Journalists lean how to web scrape.

By Mbalenhle Buthelezi

Web scraping is a useful technique to assist investigative journalists to uncover truths and improve the overall quality of reporting. Data journalism editors of Klass and Mulvad, Nils Mulvad and Tommy Klass, alongside founder of Data Journalism Turkey Platform, Pinar Dag, taught journalists the basics of web scraping during a workshop at the 10th Global Investigative Journalism Conference on Thursday.

They identified web scraping as a valuable tool for data and insight generation to reporting. Web scraping refers to extracting of large amounts of data from websites.

There are different tools for web scraping, varying in levels of difficutly and one’s ability to code. Mulvad demonstrated some basics of applying the scientific methods of data extraction to investigative journalists from all around the world. He showed the audience the basics of using the online scraping tool import.io.
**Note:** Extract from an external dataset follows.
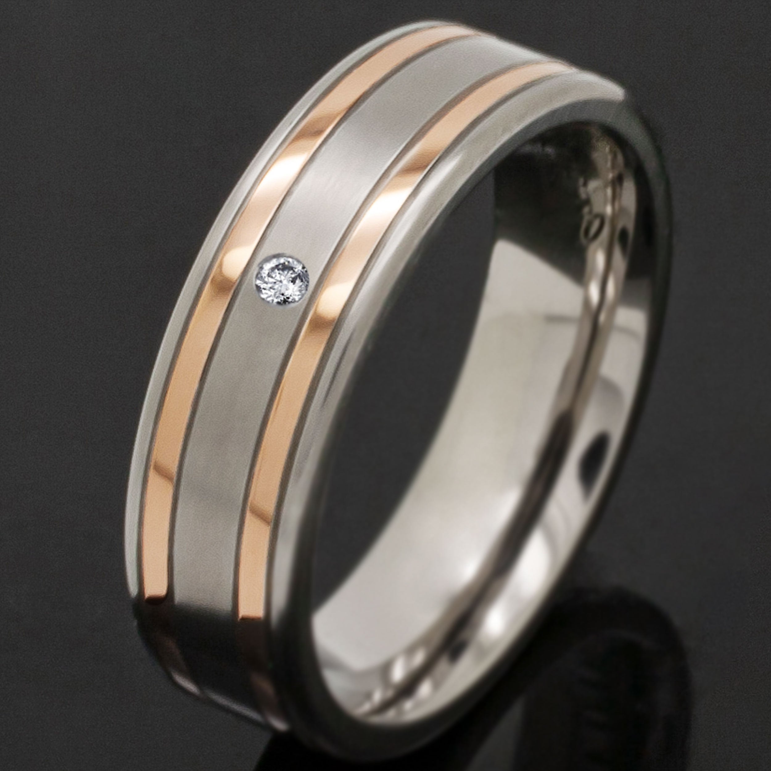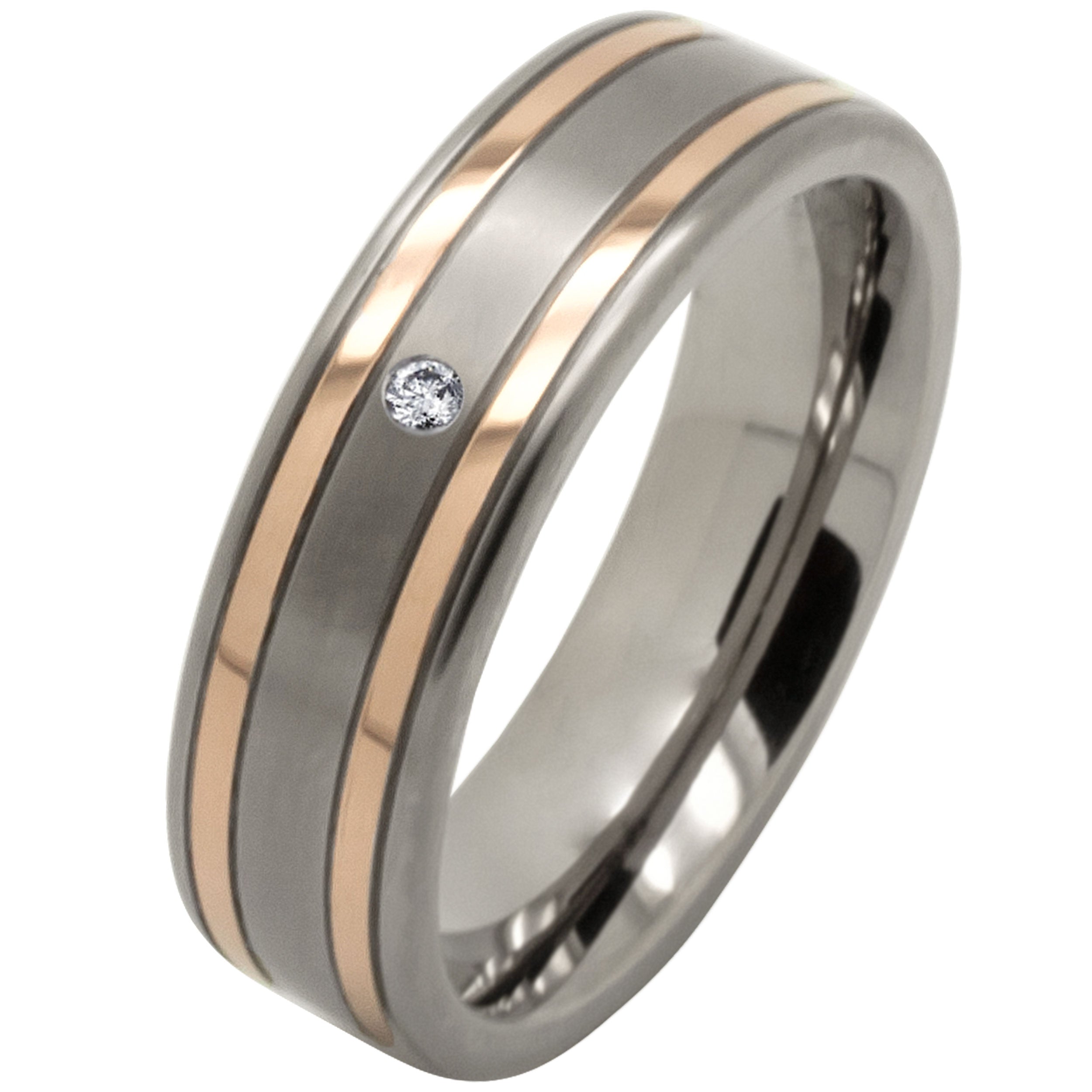 Rose Gold Inlaid Titanium Wedding Ring With Diamond

The internet and various websites are filled with large volumes of information, most of which can be irrelevant for a specific topic. Extracting the data that is particular to one’s work from a large pool of unrelated and unstructured data takes time and effort. This is where web scraping becomes an irreplaceable component of the data journalism process. It is a targeted and strategic information gathering process.

But while tirelessly extracting thousands of lines of code is beneficial for reporters, there are ethical implications to web scraping. “While you are scraping you should also think, what is your limitation, what purpose are you scraping for and where to draw the line?” said Dag. She further said that reporters should respect the highest ethical and legal standards rules set by the websites and the scraped data is used with good intentions.\

PHOTO: Pinar Dag gives practical lessons on web scraping as a way to collect data at the 2017 Global Investigative Journalism Conference in Johannesburg. Photo: Kayla de Jesus Freitas.